Каждое столкновеніе съ цензурой (читайте: «контръ-развѣдкой»), грозило сушествованіемъ бюро. Его могли закрыть. А меня арестовать, выслать и проч.

— Votre bureau а un dossier défavorable. [1]

Французы не уяснили себѣ, что такое наше бюро. Сбивало съ толку и то, что въ первой комнатѣ отъ выхода помѣщалась не имѣвшая ничего общаго съ бюро книжная торговля Чернова. У него возникали собственныя недоразумѣнія изъ-за продажи газетъ. Онъ продавалъ, отвѣтъ же держалъ я.

Врывалась полиція и происходилъ одинъ и тотъ же нелѣпый разговоръ:

— Какъ, вы продаете нѣмецкія газеты?

— Виноватъ, не продаю, а покупаю.

— Вы не знаете, что это запрещено?

— Что же, примите мѣры, чтобы ихъ не продавали.

Неудивительно, что у меня «досье» было плохое. Туземцы совсѣмъ не разбирались въ назначеніи бюро. Кто именно и зачѣмъ сидѣлъ въ антресоляхъ магазина, занимавшаго самый эффектный уголъ бойкаго перекрестка площади Перы.

Меня часто навѣщалъ турокъ, предсѣдатель турецкихъ соціалъ-демократовъ. Онъ расписывался подъ письмами: «Veuillez agréer mes meilleurs sentiments humanitaires». [2]

Я не понималъ, почему «гуманистъ» въ фескѣ меня такъ любитъ. Затѣмъ выяснилось, что онъ меня принимаетъ за большевика.

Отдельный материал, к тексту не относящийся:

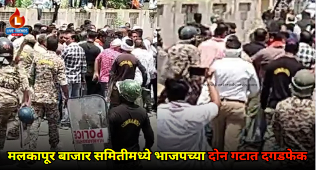 बुलढाण्यातील मलकापूर बाजार समितीमध्ये सभापती विरूद्ध अविश्वास ठराव दाखल करण्यात आला होता. यावेळी भाजपचेच दोन गट एकमेकांसमोर उभे ठाकले होते. अविश्वास ठरावावर चर्चा करण्यासाठी सकाळी अकरा वाजता विशेष बैठक बोलावण्यात आली होती. यावेळी भाजपचेच असलेले संचेती व तायडे गटाचे समर्थक एकमेकांसमोर उभे ठाकले होते. संभाव्य संघर्ष लक्षात घेता बाजार समिती परिसरात तगडा पोलीस बंदोबस्त तैनात करण्यात आला होता. वाहनाना आत येण्यास मनाई होती. यावेळी बाजार समिती परिसराला छावणीचे स्वरूप प्राप्त झाले होते.

«Наши» тоже не понимали назначенія бюро. Ко мнѣ обращались съ жалобами на парижскія газеты, на обидчиковъ, просили пособій, удостовѣреній, совѣтовъ по бракоразводнымъ дѣламъ, мѣстъ въ консульскомъ судѣ. Однажды адъютантъ генерала, ближайшаго сотрудника главнокомандующаго, являлся заказать для супруги начальства визитныя карточки.

Между тѣмъ бюро исполняло важную работу: оно служило связью арміи съ печатью Запада, обличало ложь, призывало къ помощи, защищало отъ вывоза на плантаціи и въ совдепію…

Итакъ мнѣ нуженъ былъ редакторъ для еженедѣльника. Я cталъ собирать свѣдѣнія о проживавшихъ въ Константинополѣ русскихъ журналистахъ и остановилъ выборъ на И. М. Каллиниковѣ.

Онъ жилъ въ Стамбулѣ безъ дѣла. Я его не зналъ.

Ко мнѣ пришелъ совсѣмъ молодой человѣкъ, Тогда ему еще не исполнилось 30 лѣтъ. Онъ былъ высокаго роста и производилъ впечатлѣніе стального. Голова ярославскаго мальчика, бойкаго, усмѣхавшагося, съ большими глазными впадинами, откуда смотрѣли зоркіе глаза, Онъ носилъ темный френчъ и офицерскіе краги, точно собирался въ походъ. По улицѣ шелъ короткими быстрыми шагами и, закинувъ голову съ дорожной шляпой на затылокъ, какъ бы вбиралъ въ себя колоритную улицу своимъ репортерскимъ зрѣніемъ.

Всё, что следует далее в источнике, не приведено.